Hot water: The technology behind thermodynamic panels

Kya deLongchamps teases out the technology involved in getting a quality hot water feed from alternative technology in the wet and overcast Irish climate.
Hot water: The technology behind thermodynamic panels

There is a legion of sustainable energy devices appearing on our walls, roofs and abroad on our sites, some familiar and some head-scratchers.

It’s exciting to see that the change towards zero energy, suburban housing development across the country has really started, with the inclusion of not just solar plate panels or solar tubes but photovoltaic panels (generating DC current transformed instantly to AC current by domestic scale technologies).

Reputable Irish suppliers are harvesting everything the climate and geology this wet little country has to offer.

This year, 12 homes in the Madeira Oaks estate in Enniscorthy, Co Wexford have achieved the first A- BER rating, including PV as standard.

Heat pumps are still a relatively new range of products and we took a look at the established products group of air, ground and water sourced pumps on the market in January, from €8,000 for a fully commissioned air to water heat pump to provide central heating and some hot water.

Here, I wanted to answer a few questions regarding the latest thermodynamic panels for domestic hot water, another form of heat pump that tends to be confused with flat panel solar arrays.

Detractors claim this is due to strategic marketing, but there’s more to this warming story.

What are thermodynamic panels?

They are close in type to an air source heat pump, and year round can utilise both ambient heat in the outside air and rain and sun to heat all our domestic water.

A low carbon technology, you are most likely to run across them at a self-build trade show.

Unlike solar panels, thermodynamic panels can gather energy 24 hours a day, and although sun contributes — air and rain are also thermally generous.

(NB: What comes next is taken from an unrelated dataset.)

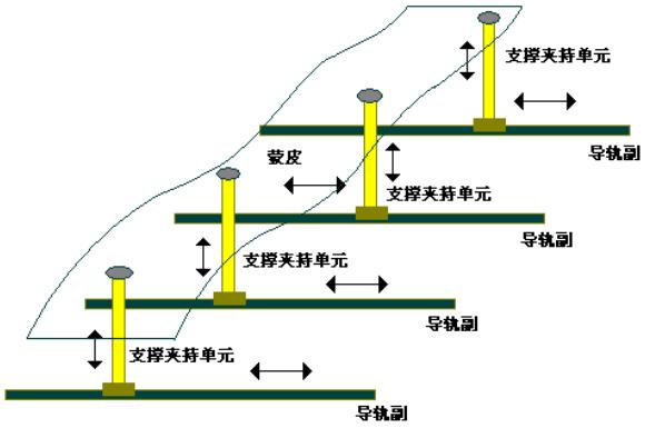 多點成形技術是柔性工裝設計的技術基礎,其基本原理為采用多個均勻離散的點來擬合飛機裝配部件的三維型面,通過精確的數字建模,控制各點的點位來達到精準的控制,使工裝表面完全貼合飛機零件表面。使用這種柔性裝配技術可以使飛機裝配型架的制造周期大大縮短,并可以取代大部分固定裝配型架。同時由于其采用了離散式的點位控制方式,使得該系統具有可重構性,一套該系統可以完成多種表面形狀的零件工裝。 固定飛機薄壁板采用的是行列可移動式動態工裝,其基本元器件為可移動的導軌副以及高度可以調整的支撐夾持單元,以上元器件的控制均通過數控伺服完成,通過伺服的不同位置調整使整個工裝系統按照理論的點位分布,使蒙皮達到理論的工裝外形。
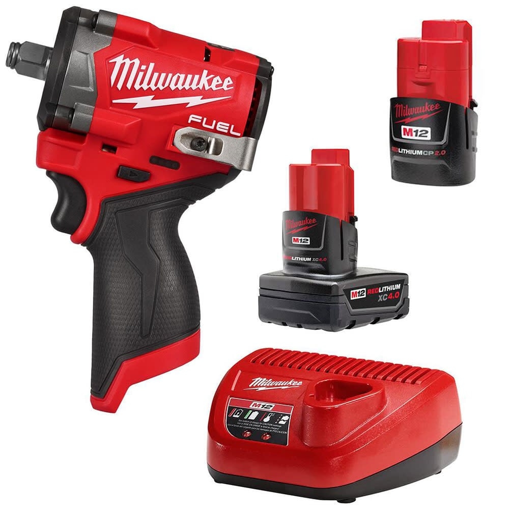Milwaukee M12 FUEL Stubby 1 2 Impact Wrench With M12 Starter Kit 2563 20 48 59 2424 Acme Tools

This technology can work in compromised conditions, even sub-zero temperatures.

Thermodynamic panels (one is standard) can be fixed to the roof, flat or pitched, or to a wall, preferably a south or south-east facing wall.

They are black, thin in profile, semi-gloss in texture with an imprinted ‘circuit’ look of veins, and very discreetly sized around 80cmx1m of surface area set on brackets to your chosen surface.

How do they work?

The technology is roughly that of a fridge, but in reverse. Using the exterior panel (the collector) a chilled refrigerant F liquid of -20c to -30c is circulated and transformed by the warmth in the atmosphere into a warmed gas.

The gas is channelled through a narrow gauge copper pipe to a compressor which increases its temperature further returning it to liquid form.

A heat exchange coil in the hot water cylinder then warms the hot water supply.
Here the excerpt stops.